I’ve Been Doing This Easy Glute Exercise While Sitting at Work, and Seen Major Results Without Thinking About It

Photo: Getty Images/The Good Brigade
Even as someone who works out regularly, my lack of glute strength easily gives away how many hours a day I spend sitting on my butt. Whenever I get injured—whether in my hips, my thighs, or my lower back—my physical therapist almost always tracks it back to some kind of compensation my body's making for my weak backside. (The price of #desklife.)

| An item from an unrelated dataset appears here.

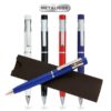 Bolígrafo de metálico de mecanismo pulsador acabado en variada gama de vivos colores. Presentado en estuche individual. Tinta azul.

Last month, it was my tailbone that started to act up so badly that I could barely walk to the kitchen and back. My doctor confirmed it was sacroiliac joint pain, and although it was likely caused mainly by pregnancy hormones relaxing my pelvis too much too soon, the problem was exacerbated by instability from—you guessed it—weak glutes.


Experts In This Article

I promptly went scrounging around YouTube in search of some workouts that might help. In one video by BodyLove Pilates, trainer Ali Handley shares an upper glute exercise that's done seated with a resistance band looped around the calves: While pushing the legs outwards into the band, you slowly lift and lower your heels as you maintain a steady amount of resistance.

Watch a demo starting at minute 8:18:

Following along with Handley for just eight reps, I immediately felt my gluteus medius on the outside of my hips firing up—and staying engaged even once I finished. I walked my dog around the block right after, and I could feel the muscles still turned on (aka lightly burning with each step). That activation kept my pelvis more stable, and less painful, than it'd been in over a week.

So I told myself I was going to repeat the exercise every day. Which meant I did it for two days in a row, then promptly forgot about it.

I knew I needed to somehow make it a habit. Since this is such a simple exercise that doesn't take much concentration, I realized that instead of setting aside dedicated time, I could just incorporate it into my morning routine: Now, when I first sit down to work, I simply wrap a resistance band around my calves for the first half hour (or until I get up to grab more coffee) and do a few heel lifts every so often while checking email and Slack. I keep the band next to my laptop to remind me to slip it on, and since it takes no extra time out of my day, I actually do it.

This may be the easiest workout routine I've ever done. And also one of the most effective. Within just a week or so of practicing it regularly, I could feel those tricky-to-target muscles getting stronger, and my pelvis staying steadier when I walk or run—which has meant I've felt next-to-no SI joint pain.

I know, I know: It sounds too good to be true. Are such noticeable results somehow all in my head? I posed the question to NASM-certified trainer Cecily McCullough, who works with clients at the functional fitness-based studio P.volve, asking if this kind of habit could truly be effective, or if I just want to think it is and am experiencing some kind of placebo effect.

She points out that working the glutes while sitting can be a strategic way to isolate and target the proper muscles. "When you're seated, you've got more support with the pelvis and spine so you're not working against other factors, like when you're standing or even lying on the floor, working against gravity," she says. "And with seated movement, it's also a minimal range of motion, especially since the band adds resistance." Even when I'm not paying much attention to lifting and lowering my heels, the movement is so small and contained that it's easy to keep proper form.

Physical therapist Theresa Marko, DPT, a spokesperson for the American Physical Therapy Association and owner of Marko Physical Therapy in New York City, says that my go-to exercise can indeed strengthen the gluteus medius to help stabilize my spine and control my hips and knees when I walk. She adds that it could even be a good one to do on long plane rides. But it won't work the major butt muscle—the gluteus maximus—quite as much as simply squeezing the cheeks together and releasing them while sitting. Or, even better, she says, standing up to move around. "Small frequent breaks can go a long way to alleviate problems before they begin," she says. (When she gets up to get a glass of water, she likes to squeeze her butt and kick her leg back to fit in a quick activation.)

As the cliché goes, the best kind of workout is the one you’ll do. Although there are plenty of other ways to strengthen my glutes, for now I'll keep doing the one I barely have to think about.